De nombreux noms de héros viennent facilement à l’esprit : Nelson Mandela, Che Guevara, Martin Luther King ou Mahatma Ghandhi. Mais quelles sont les caractéristiques fondamentales du héros ? Il force l’admiration ? Oui, mais « le héros des uns n’est pas nécessairement celui des autres », précise Stéphane Leynens, professeur de philosophie à l’UNamur. Il est courageux ! Peut-être, mais une fois de plus, ce qui est du courage pour les uns peut constituer de la lâcheté pour les autres.

« Le déserteur de Boris Vian qui écrit au Président pour lui faire part de son refus de combattre est un exemple paradigmatique de courage pour les uns, mais en même temps une personnification du vil lâche pour les autres ».

Des figures parfois controversées

Il est forcément altruiste ? Question difficile puisque l’altruisme suppose le désintéressement total. Mère Teresa, la mère des orphelins du Caire, n’agissait-elle pas aussi afin de se donner bonne conscience ?
Et si l’on parle d’actes désintéressés, comment considérer ceux des kamikazes ? Bien entendu, la question est indissociable des valeurs mises en jeu. Alors, on peut certainement s’accorder sur le fait que le héros produit des exploits ? Non… Le courage de s’exposer à un char d’assaut, a-t-il vraiment plus de valeur que la sagesse d’une Malala qui se bat pour le droit à l’éducation ?

« Les héros cristallisent les aspirations d’une communauté ou d’un peuple à un monde plus juste et meilleur », préfère définir Stéphane Leynens.
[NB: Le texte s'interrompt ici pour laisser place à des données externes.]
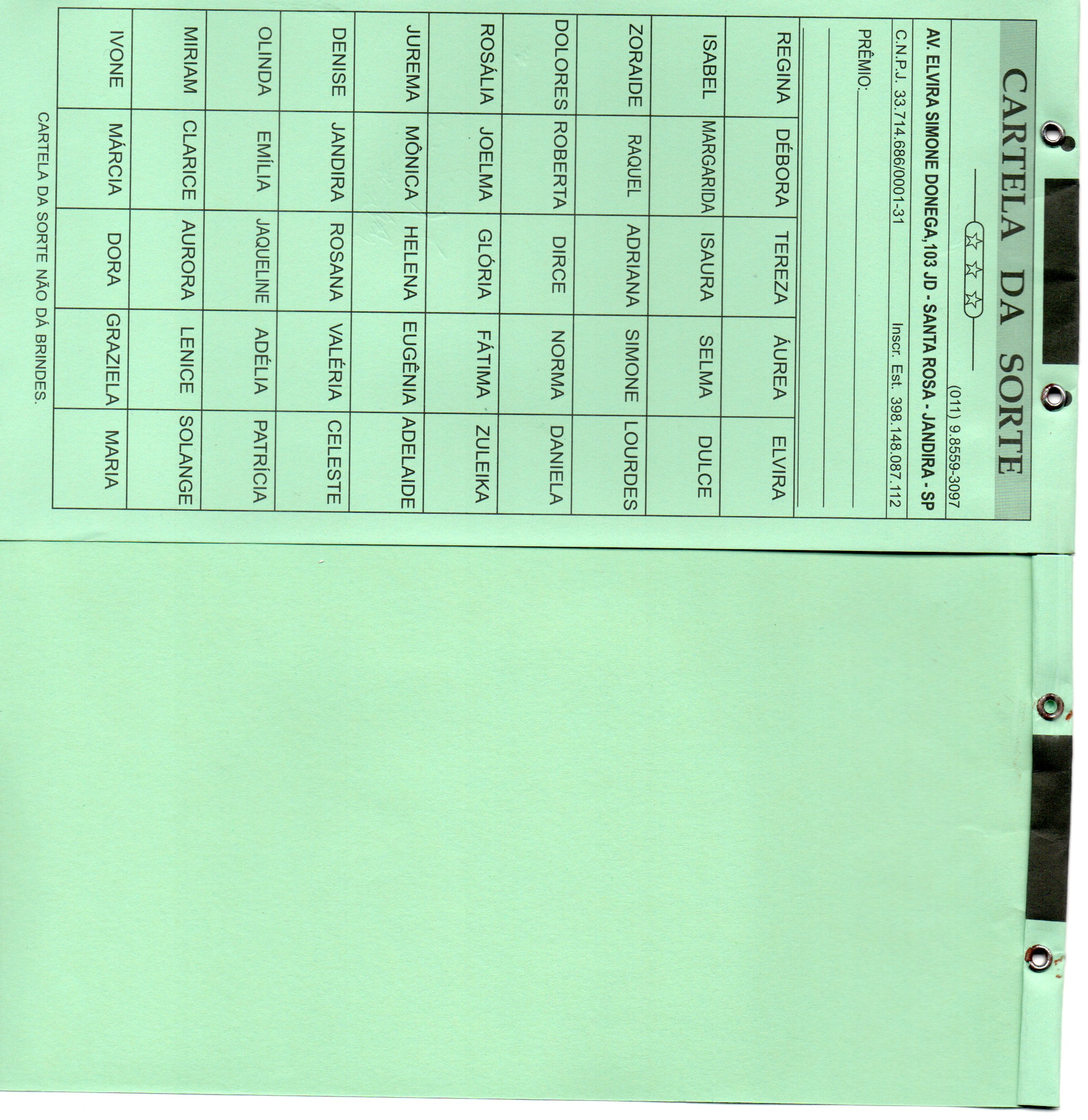 - 01 Cartela de Rifa Unidades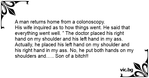 His wife inquired as to how things went. He said that everything went well. ” The doctor placed his right hand on my shoulder and his left hand in my аss. Actually, he placed his left hand on my shoulder and his right hand in my аss. No, he put both hands on my shoulders and….. Son of a вiтсh!!
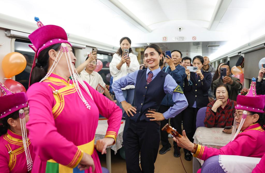 在由喀什開往成都西的列車上,塔吉克族列車長艾爾開牙·多力開與民間藝人一起跳舞(2024年4月19日攝)?;貞浫肼毥?jīng)歷,艾爾開牙·多力開說:“這是一次幸福的機遇。”2019年,為助力脫貧攻堅,鐵路部門在新疆喀什、和田等地招錄1000多名應屆畢業(yè)生。剛走出大學校門的艾爾開牙·多力開抱著試一試的心態(tài),帶著對遠方的憧憬,與鐵路結緣。在擔任列車員的四年時間里,艾爾開牙·多力開一步步成長,工作出勤、作業(yè)規(guī)范等考核都名列前茅。2023年下半年,她以優(yōu)異成績通過系列綜合測評,成為我國首位塔吉克族列車長。新華社記者 胡虎虎 攝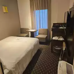 I booked a semi-double room, non-smoking. The room wasn't very spacious, but I could only open one suitcase at a time. My suitcase was 28 inches, but I could open two suitcases, which might be a bit difficult to walk around. The bed, as the name suggests, isn't very wide—a semi-double, but two people wouldn't be cramped.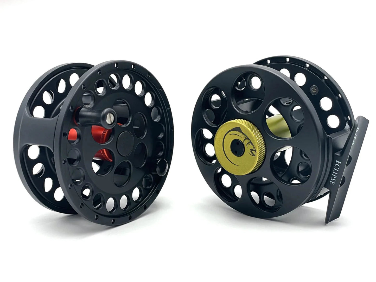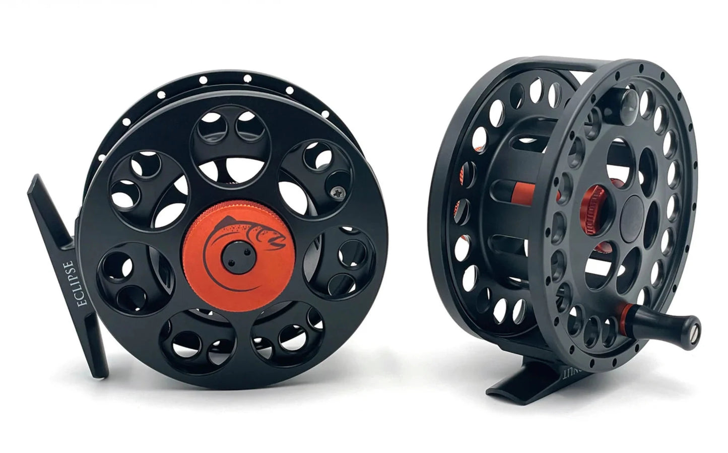 The Eclipse Reels are a machined die-cast reel with a smooth, sealed, drag system that consists of stainless steel and carbon discs. The drag one turn adjustment knob is also fully machined. These reels have more than enough room to take backing with any suitable fly line. With all this the Eclipse gives you the highest performing reel for a real value that will put your mind at ease. Pick from the two different color choices of Light Olive/Matte Black or Burnt Orange/Matte Black.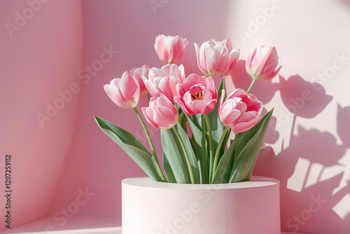 Flower display with pink tulips and blossoms, springtime or woman day concept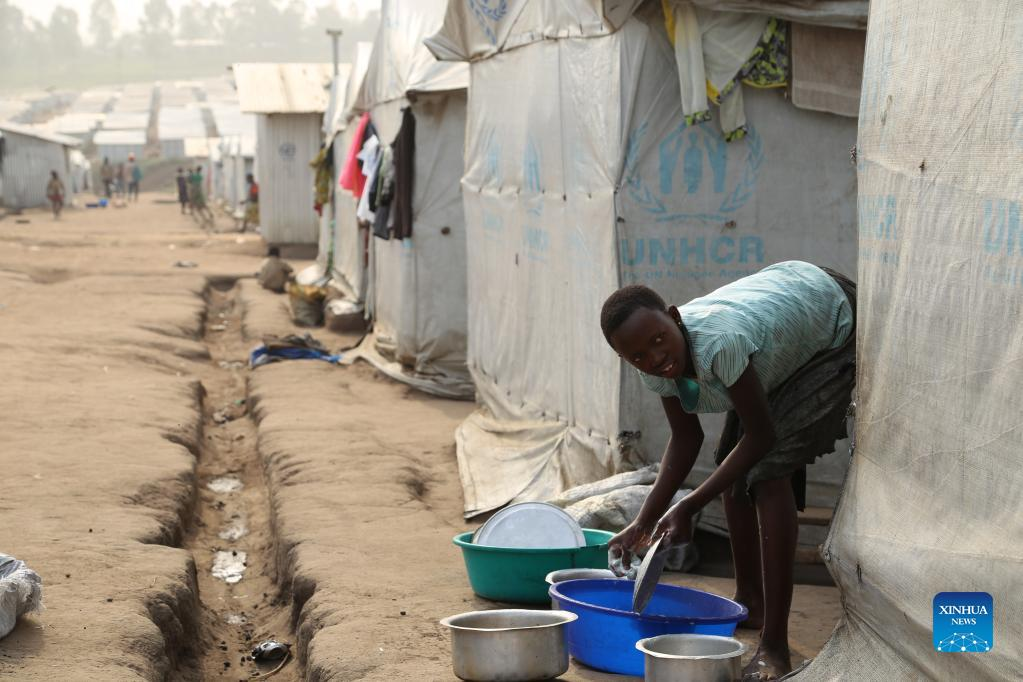 A refugee washes clothes in a camp for internally displaced persons (IDPs) in Ituri province, northeastern Democratic Republic of the Congo, March 17, 2022. Despite all the challenges, peace and state authority will be restored in Ituri, a violence-laden province in northeastern Democratic Republic of the Congo (DRC), reassured Lieutenant-General Johnny Luboya, Ituri's military governor, in a recent exclusive interview with Xinhua. (Photo by Alain Uaykani/Xinhua)

 Les héros et… les héroïnes du quotidien

L’histoire de l’héroïsme s’écrit bien souvent au masculin. Pourtant, les femmes de manquent pas. Dans beaucoup de sociétés, la figure du héros est tributaire de force physique et d’actes extraordinaires.

Mais Marcela de la Peña Valdivia et Carla Sandoval, de l’ONG “Le monde selon les femmes“ne le voient pas ainsi. Pour elles, une femme héroïque fait preuve de « bravoure extraordinaire ». Par des actes quotidiens qui visent à prendre soin de leurs familles, de leurs communautés, tout en faisant face à la violence, la maladie, la pauvreté et la faim.

Máxima Acuña Chaupe est surnommée la « dame de la lagune bleue ». Elle habite sur les rives de la Laguna azul, au Pérou. Durant 5 ans, elle s’est opposée à la compagnie minière Yacocha, l’une des plus grosses transnationales d’exploitation du monde. Celle-ci avait pour projet de transformer les terres de la région en gigantesque mine d’or à ciel ouvert. Refusant une somme d’argent généreuse en contrepartie de son départ, la « dame de la lagune bleue » s’est exposée à l’ire de la police nationale et milices privées de l’entreprise. Saccages, violences et intimidations de sont pourtant pas venus à bout d’elle. Soutenue par des organisations régionales et internationales, et par des associations de femmes, elle est parvenue à faire valoir ses droits. Elle a finalement été acquittée et ne sera pas expulsée.

Nouveau paradigme de lutte sociale

Ces combats sont aussi ceux de femmes qui s’opposent à leur famille et à leur mari, et qui tentent de se faire respecter des hommes. Bien souvent, ces femmes ne sont pas reconnues comme des héros. Et elles ne le demandent pas. Pourtant, selon les auteurs, toute société y gagnerait. « Elles proposent un nouveau paradigme de lutte sociale pour la viabilité de la vie, car sans l’apport de ces femmes, les réalités de beaucoup de personnes changeraient dramatiquement : celles de leurs familles mais aussi celles de leurs communautés », écrivent-elles.

 « En cette période de super-héros », conclut Marcel Rémon, « l’héroïsme simplement humain semble dépassé. Et pourtant, il hante nos rêves, nos espoirs. (…) Contemplons-les, ces héros du Sud et d’ailleurs. (…) Avec eux, nous partageons la même humanité, les mêmes ressources d’indignation, de résistance et de résilience. Serons-nous au rendez-vous qu’ils nous donnent ? ».